[Data records]
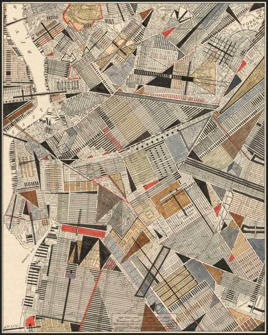 Modern Map of Brooklyn Black Ornate Wood Framed Art Print with Double Matting by Galapon, Nikki
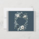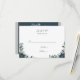 A sophisticated wedding featuring a navy blue watercolor floral wreath adorned with lush peonies, roses, and eucalyptus greenery in shades of navy blue, green, and ivory. The design is enhanced by a silver-grey printed box beneath the wreath with modern font text layout. The back of the invitation continues the theme with a matching floral arrangement for a cohesive and elegant look. Perfect for couples seeking timeless and classy wedding stationery.
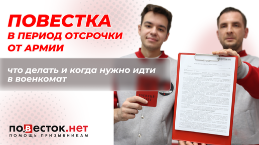 Повестка в период отсрочки от армии: что делать и когда нужно идти в военкомат Многих призывников волнует вопрос: может ли военкомат вызвать повесткой, если у тебя есть законная отсрочка от армии? И главное — нужно ли по ней идти? Как юристы, мы часто сталкиваемся с такими ситуациями, поэтому объясняем всё простыми словами. Почему вообще приходит повестка, если у вас отсрочка Военкомат может направить повестку не только для призыва на службу. Есть несколько причин: 1️⃣ Призыв на срочную службу. Это стандартный случай — когда гражданина хотят отправить служить...
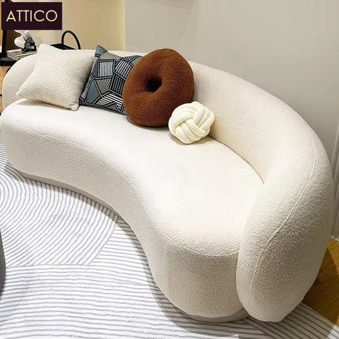 European Style Lounge White Velvet Teddy Fabric Curved Long Sofa for Home Living Room Hotel Villa Conversation Couch
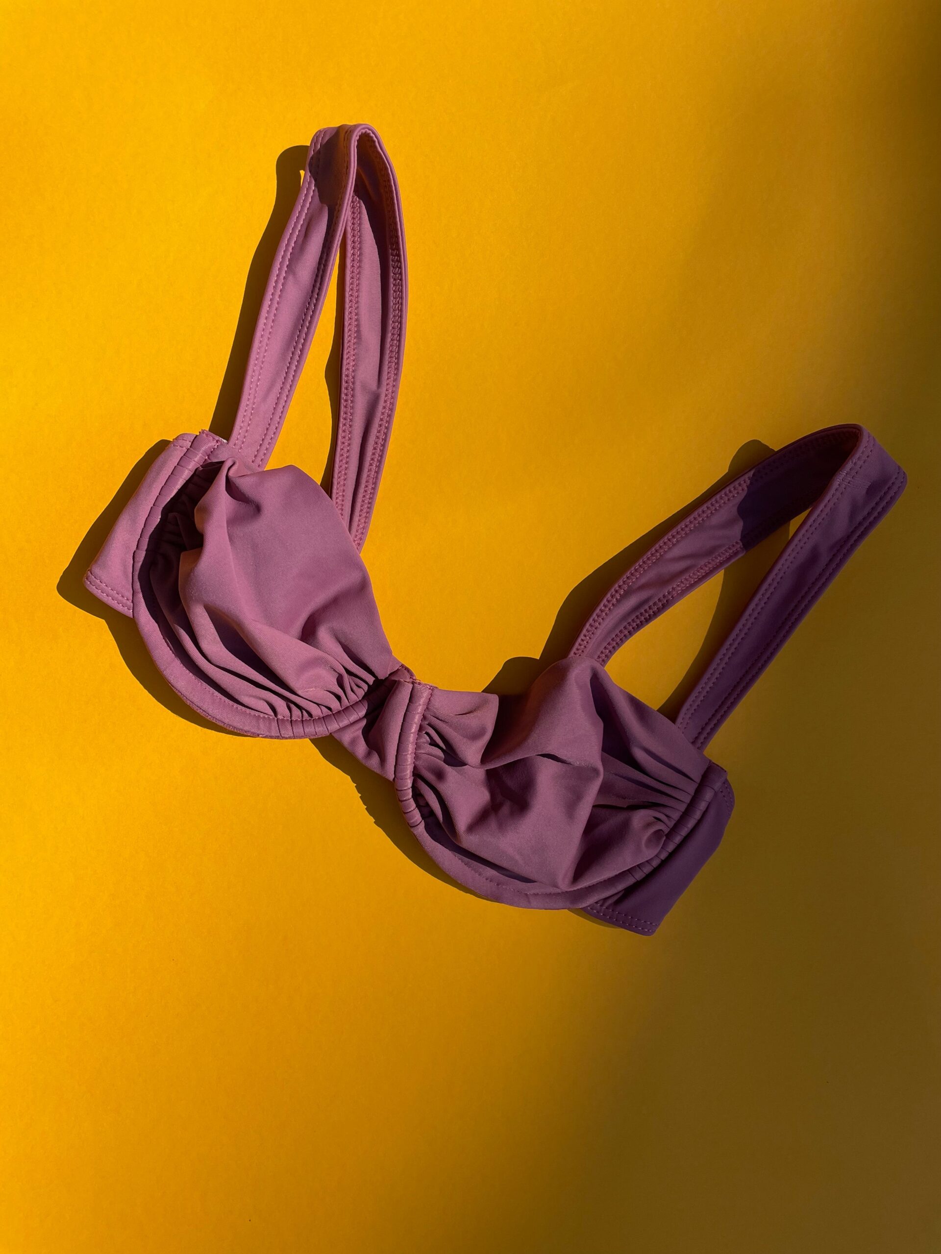 The Oracle Top features a flattering balconette shape, ruched underwire bust, rear clasp fastening, and supportive wide-set straps.
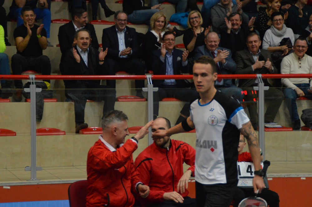 Mecz o złoty medal reprezentacji swojej Akademii z SKB Litpol-Malow Suwałki były mistrz Europy oglądał z krzesła ustawionego z boku. Sam nie mógł zagrać, bo zabraniają tego przepisy ligi francuskiej, w której rozgrywa chyba ostatni swój sezon (z tego samego powodu w Suwałkach nie zobaczyliśmy Adriana Dziółki, najlepszego obecnie polskiego singlisty). Robert Mateusiak zaciskał palce, konsultował uwagi z trenerem ABRM Jackiem Hankiewiczem, ale musial przełknąc gorycz porażki obu swoich singlistów.
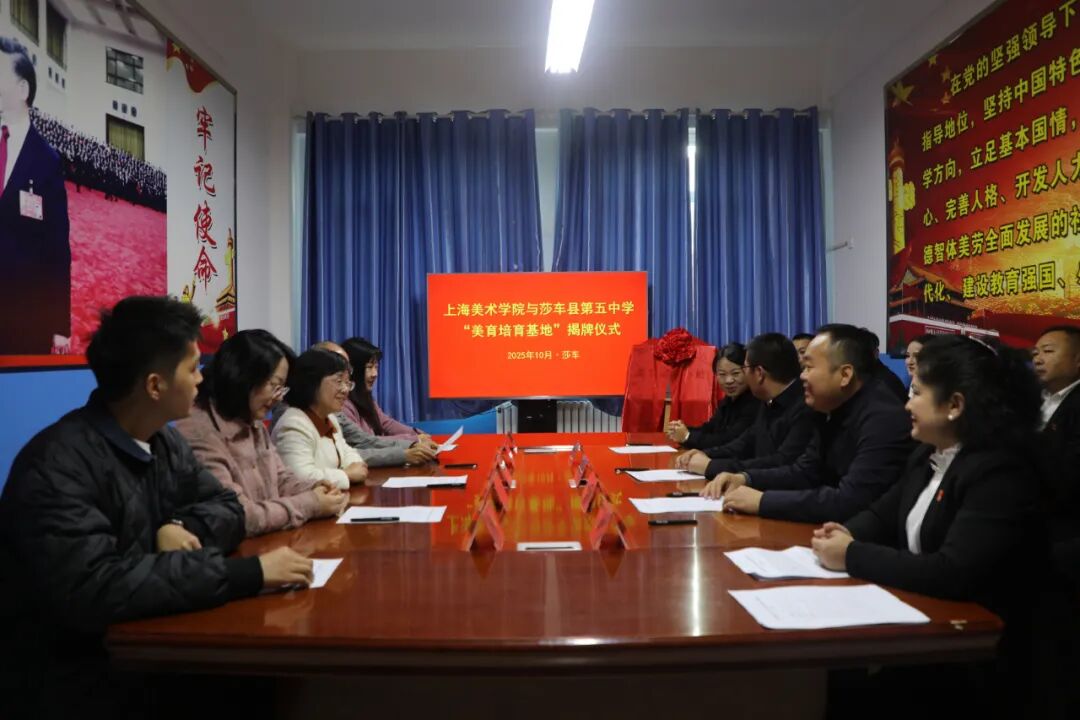 近日,上海美术学院“美育培育基地”揭牌仪式在莎车县第五中学举行。该基地的建立,为莎车县美育教育搭建了专业化的交流平台,标志着上海与莎车两地美育资源共享与协同育人合作进入高质量发展新阶段。莎车县相关领导出席仪式。
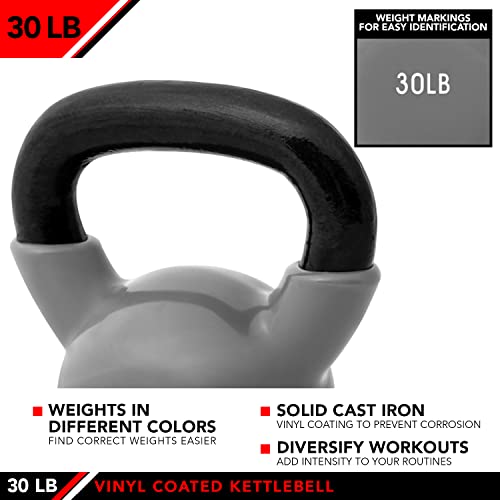 j/fit Cardio Workout Kettlebell Weights | Vinyl Coated Solid Cast Iron – Various Weights (5, 8, 10, 12, 15, 20, 25, 30, & 35 lbs)
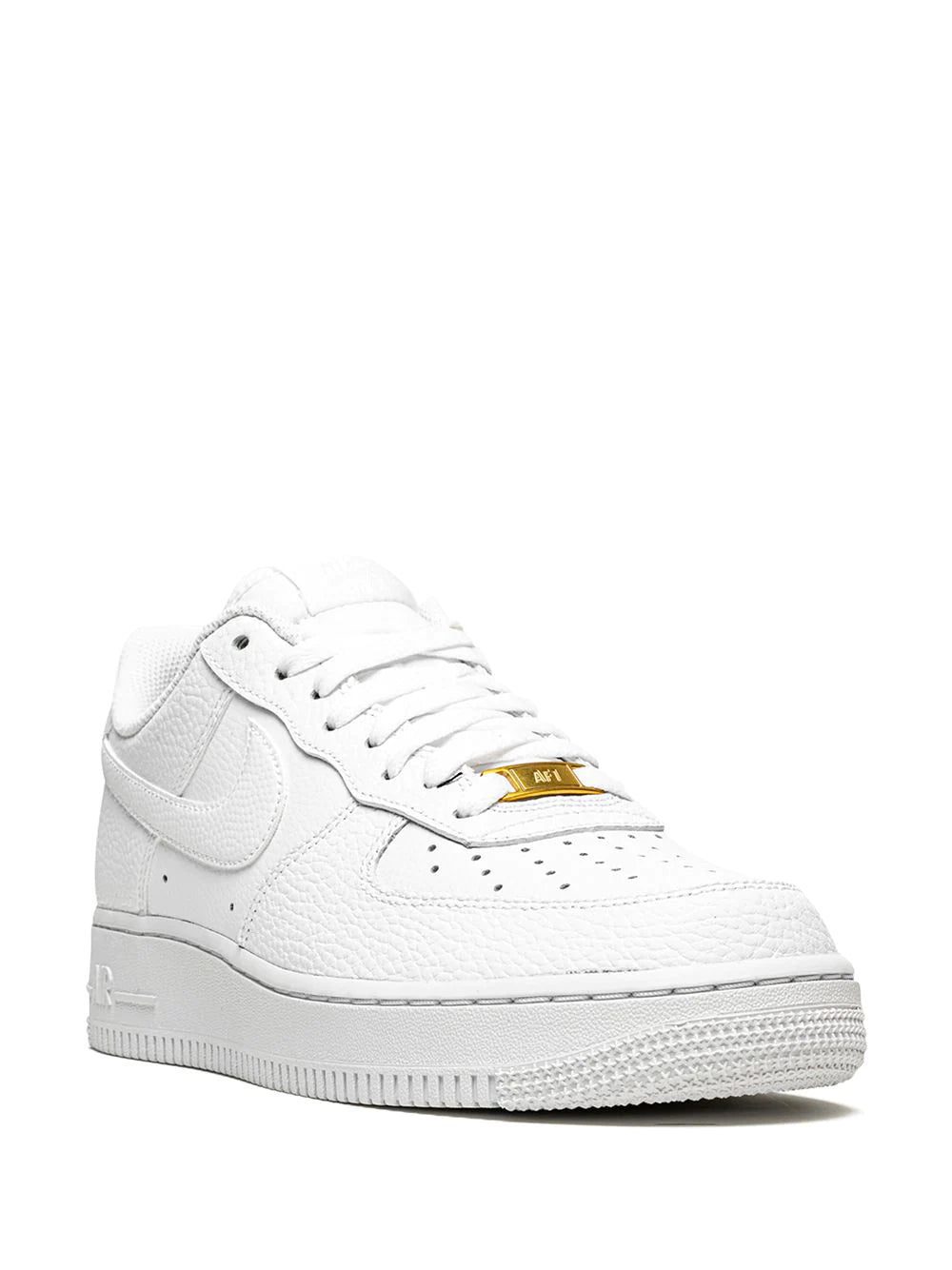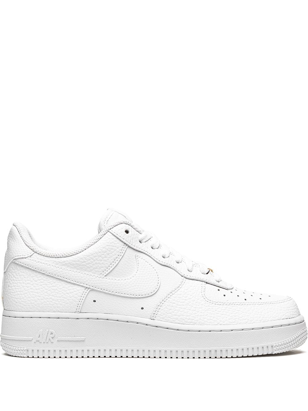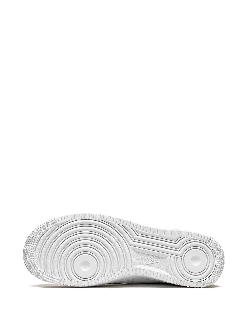 Released in 1982, the Nike Air Force 1 has since served as a canvas for artists and designers. Here, designed in a ’triple white’ colour scheme, the versatility of these '07 sneakers is mixed with extreme comfort because of their Nike Air cushioning in the heel, while a gold-tone logo plaque on the laces finishes the look.
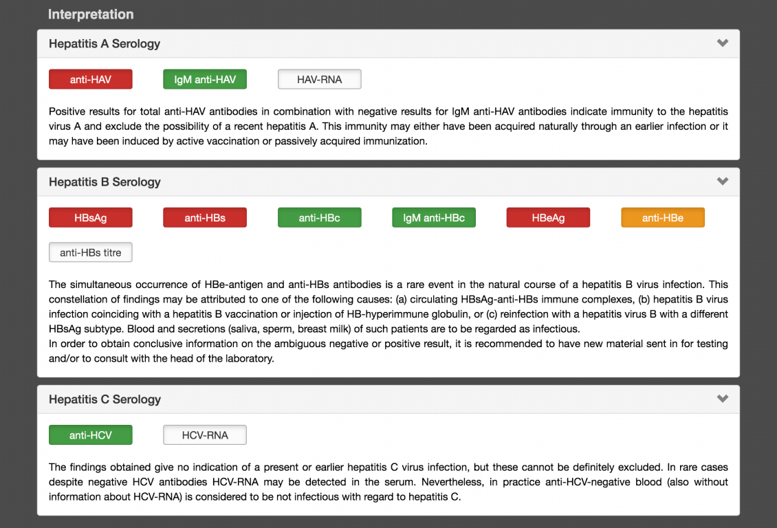 We are proud to present an entirely updated version of our Hepaxpert solution (v.2.2.5) with a fresh modern design and well-known quality. Hepaxpert interprets all possible―even extremely rare and complex―test result combinations. The interpretive texts are legible but account for the complexity of their content. Paired with a clean and highly intuitive user interface, Hepaxpert allows healthcare professionals as well as patients to benefit from these test result interpretations. Hepaxpert comes as mobile app, web version, integrated into other healthcare systems, and as SaaS option. Find details on these applications and integration possibilities here.
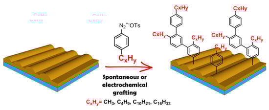 Alkylphenyl functional groups were grafted spontaneously by soaking of the freshly sputtered Au films in 1 mM solutions of corresponding ADTsin deionized water for 10 min. Electrografting of ADTs was performed in 1mM water solutions of corresponding ADTs under the potential −2 V for 10 min. After modification the metal substrates were rinsed under sonication sequentially with deionized water, ethanol, and acetone for 10 min and dried in desiccator for 3 h.
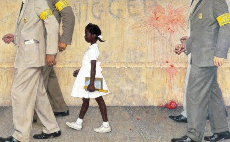 El cuadro representa a Ruby Bridges, una niña afroamericana de seis años, de camino a la escuela William Frantz Elementary School de Nueva Orleans el 14 de noviembre de 1960, durante la crisis de desegregación escolar. Ante las amenazas de violencia contra ella, la escoltan cuatro agentes federales.
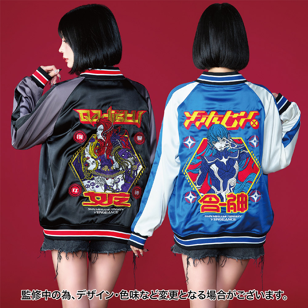過去の「真・女神転生」シリーズコラボ時にも大好評を博した刺繍スカジャンや、Tシャツなどのアパレル、雑貨などが『真VV』で登場!店頭・通販サイトにて販売中です。
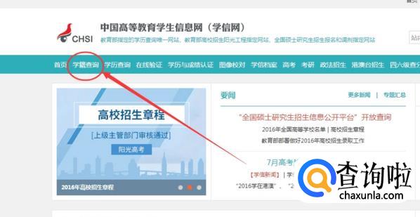 在学信网主页上方找到图示位置的“学籍查询”并点击进入登陆界面。
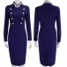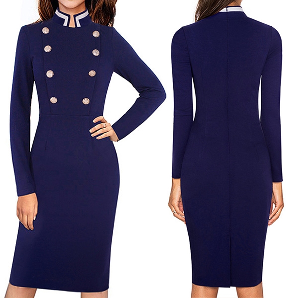 solid color,accompanied with long sleeve,stand collar,double-breasted and a fit silhouette,this pencil
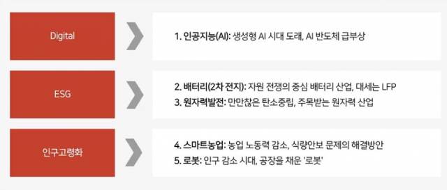 삼일PwC 경영연구원은 ‘2024년 주목해야 할 산업’ 보고서를 내고 주요 패러다임으로 ‘디지털’과 ‘환경·사회·지배구조(ESG)’ ‘인구 고령화’를 제시했다. 이에 따른 5대 유망 산업으로 AI와 2차전지·소형모듈원전(SMR)·스마트농업·로봇을 선정했다.
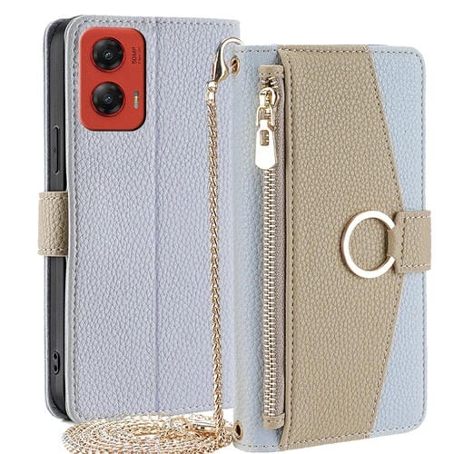 Funda de Cuero con Textura de Lichi para Motorola Moto G 5G 2024 (Azul)

**EXERCISE:**
All pictures must be left out. Reproduce exactly the lines from the one containing "삼일PwC 경영연구원은 ‘2024년" to the final line of the entries.

**ANSWER FOR THIS EXERCISE:**
 삼일PwC 경영연구원은 ‘2024년 주목해야 할 산업’ 보고서를 내고 주요 패러다임으로 ‘디지털’과 ‘환경·사회·지배구조(ESG)’ ‘인구 고령화’를 제시했다. 이에 따른 5대 유망 산업으로 AI와 2차전지·소형모듈원전(SMR)·스마트농업·로봇을 선정했다.
 Funda de Cuero con Textura de Lichi para Motorola Moto G 5G 2024 (Azul)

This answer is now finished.